I have been on Gabapentin on and off for about 7 months (since approx January). I was taking it for chronic pelvic pain, and it worked well, but it made me very emotional and made higher cognitive functions difficult. After 4 months of semi-regular use, I got off it quickly, but kept it around in case of a severe pain flare up. As of now I have gone through 2 "100 capsule" bottles of 100mg pills, so not too much. Never took a higher dosage then 300mg and never took more than 300mg in one day.

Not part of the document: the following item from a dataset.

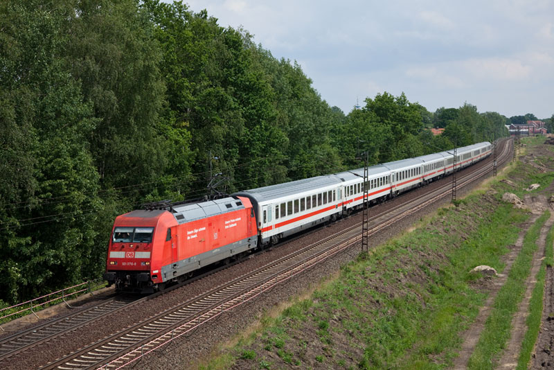 | Der InterCity 2170 mit der 101 076-8. Grevelau, 7. Juni 2012 |

I've used it a few times recently (in July, just a few weeks ago) when the pain really flared up, thinking it would only have minimal side effects, but it has resulted in continual severe depression and dark thoughts even though I haven't taken any in two weeks. I took it occassionally because I thought the depression was predominantely from the chronic pain, but now I realize the gabapentin was the root of it. I'm terrified because I know the drug has long since left my system but I can't shake the side effects. Doctors and psychologists won't listen to me. They say I'm just depressed and it isn't the medication, but I'm positive it is. The pain is finally improving, I'm going back to school, and things are looking up. But there is this unshakable auora that is plauging me. No matter how hard I distract myself and push through there's this cloud that impares my ability to emotionally and physical function (feelings of detachment, separation, depression, and some suicidal thoughts). Words come slower, it's harder to focus, memory is very dull. I wasn't concered within the first few days, but it's been a few weeks now and I'm alarmed that it doesn't seem to be improving.
Do the side effects ever go away... How long does it take and what can catalyze the healing process? Is it possible to incur permanent damage from a low dosage, or does it take months to heal. Can anyone explain the biomechanics behind how gabapentin can affect patients weeks after usage.
Hopefully there is an answer and the possibility for recovery, but at the moment things are very frightening.